Darren Baker takes a look at the French Petrol Station 1930s -40s release from MiniArt in 1/35th scale.

Introduction

MiniArt continues to tackle dioramas and with this release providing the modeller with all the elements necessary for producing a petrol station in France prior to and during World War II. While this may not be a subject that jumps to mind it does make for some visual interest even if not part of a story as a whole. 

Review

This offering from MiniArt, is packaged inside a cardboard tray, with a separate card lid. Inside the sprues are packaged in a single plastic bag; along with a photo etch fret inside a card sleeve and along with as mall decal sheet. An examination of the sprues reveals some good clean moulding with the only area of concern, being the removal of some pieces of the sprue due to the finesse of some of the parts.

Included in this offering from MiniArt, are two oil drums in different styles with separate end caps, and also included for use with these is a pump and a nozzle that will require the modeller to scratch a tube to go between the two items.
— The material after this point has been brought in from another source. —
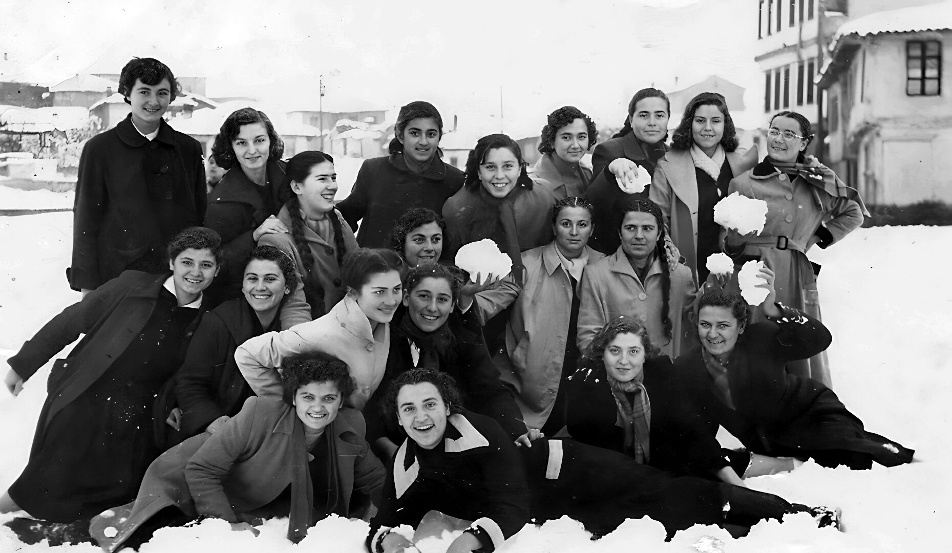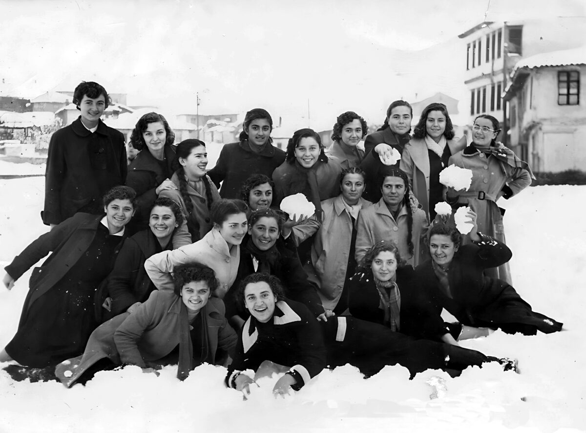 Πάντοτε η Φλώρινα το χειμώνα ήταν ντυμένη στα άσπρα και οι νέοι και οι νέες έβρισκαν την ευκαιρία να κάνουν παιχνίδια στα χιόνια. Τέτοιο παιχνίδι, έκαναν στις 22 Δεκεμβρίου του 1953 στον ελεύθερο χώρο, όπου σήμερα είναι το κτίριο του Φ.Σ.Φ. «Ο ΑΡΙΣΤΟΤΕΛΗΣ», με φόντο το παραδοσιακό σπίτι της οικογένειας Πέιου, οι συμμαθήτριες της Ζ΄ τάξεως του Γυμνασίου Θηλέων Φλωρίνης.
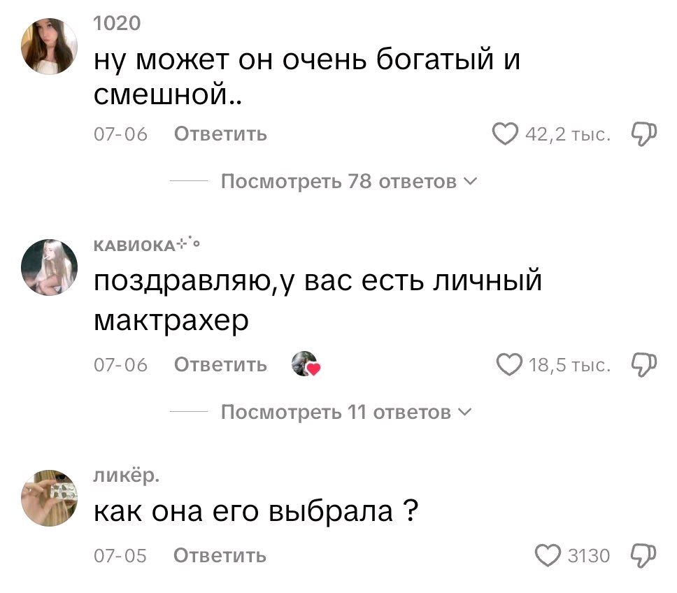 Просто сказали, что она позерша и найдёт в итоге богатого чела чтобы выйти за него замуж

The fuel pumps provided in the set, are of a type that many of us will not be familiar with, however, I believe these worked by operating a crank handle, that pushed the fuel into a clear bulb, at the top of the fuel pump, prior to being dispensed into the vehicle; please correct me if I am incorrect in that. 

This offering provides two such fuel pumps, which are a mix or plastic and photo etch parts and once assembled all of the external attributes are provided and the internal structures are also present. The modeller just needing to replicate the hose between the pump and the nozzle which should be a very easy task.

Included with this set, are three types of petrol container as used by the military in World War II (and civilian use I believe), a storage rack and an air compressor. This particular air compressor has been released by MiniArt in several offerings and is a particularly nice element of theirs that is a useful element to have to hand. The modeller does need to provide, tubing and wiring to replicate the power supply and air line. A nice inclusion from Mini Art in this set, are a number of posters and signs that can be used to dress a scene, and I find myself kind of hoping that they release one of their buildings for use with this set or in this set.

Conclusion

This release from MiniArt, provides a nice mix of products for replicating a petrol station in France during the war years. I am very pleased that Mini Art went to the effort to replicate the interior aspects of the fuel pumps, as this greatly increases their appeal as regards to an element of a diorama, as well as their visual appeal to a viewer. This set does require a modeller, to construct a back drop and I hope that at some point in time, MiniArt releases a dedicated structure with this set.